Work item - Please retype, word for word, the line containing "- Точка 2: В" and every line after it through the end of the records, leaving out all pictures.

Data extracts -
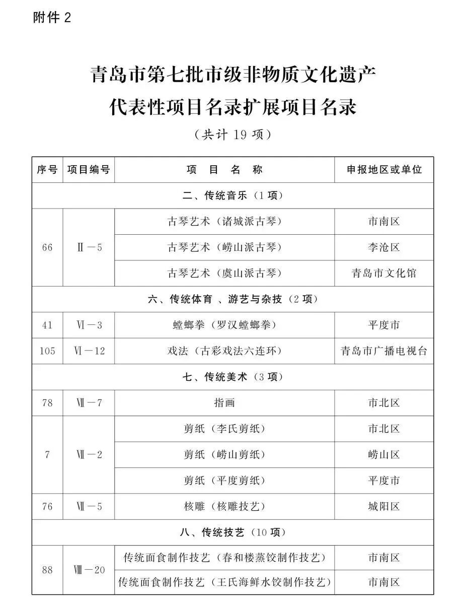 附青島市第七批市級非物質(zhì)文化遺產(chǎn)名錄:
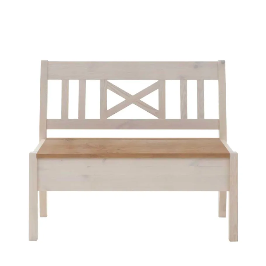 Entdecken Sie die Truhenbank Lugon – Ihre praktische Sitzgelegenheit, die bezaubernden Landhausflair in jeden Wohnraum bringt. Der attraktive Farbkontrast aus strahlendem Weiß und warmem Kiefer Laugenfarbig verleiht Ihrem Zuhause eine einladende und gemütliche Atmosphäre.
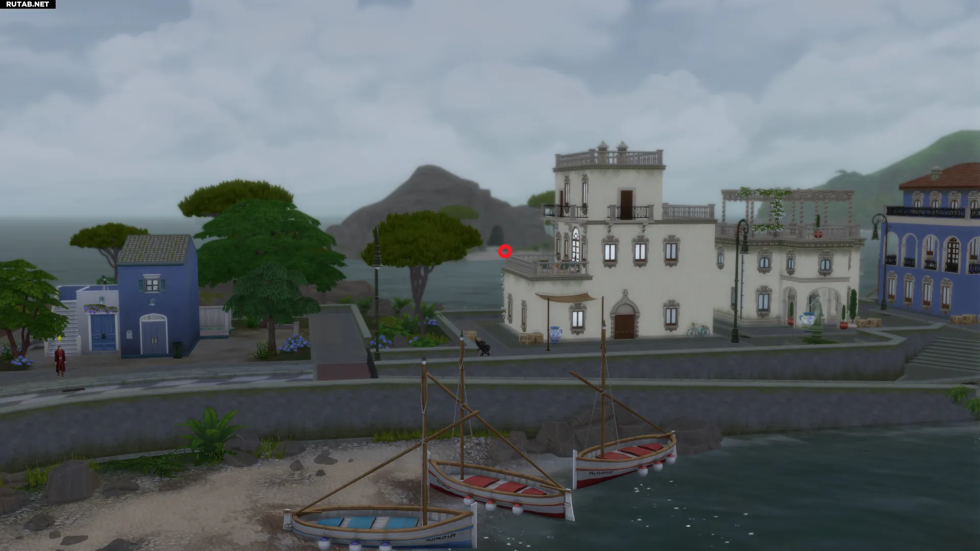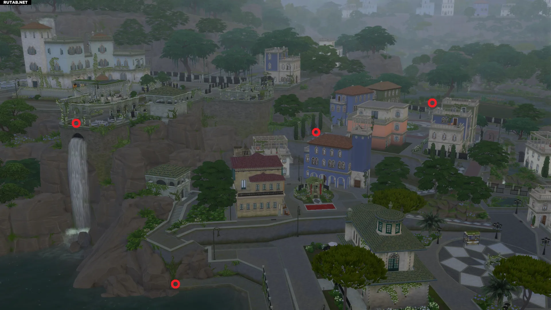 - Точка 2: В дальнем правом углу района, за доком и пляжем, у одинокой скамейки.
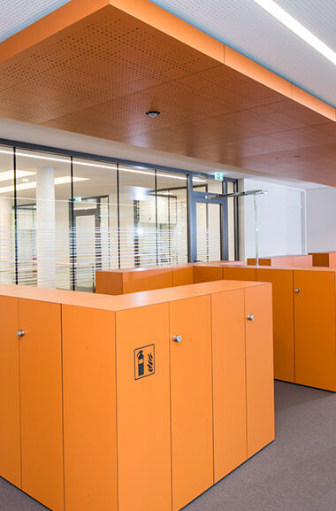 Unsere Leistungen: Fertigung und Einbau der Möbel und der abgehängten Decke in Orange sowie weiterer Einbauschränke
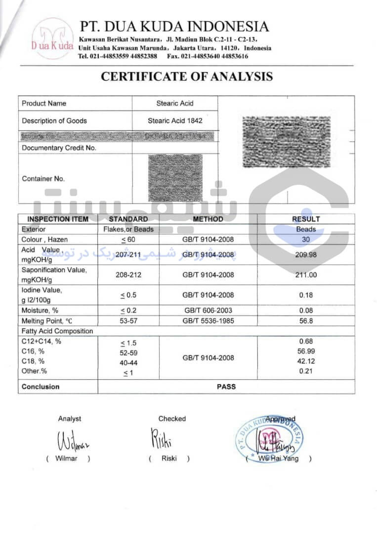 آنالیز استئاریک اسید

Solution to this problem -
 - Точка 2: В дальнем правом углу района, за доком и пляжем, у одинокой скамейки.
 Unsere Leistungen: Fertigung und Einbau der Möbel und der abgehängten Decke in Orange sowie weiterer Einbauschränke
 آنالیز استئاریک اسید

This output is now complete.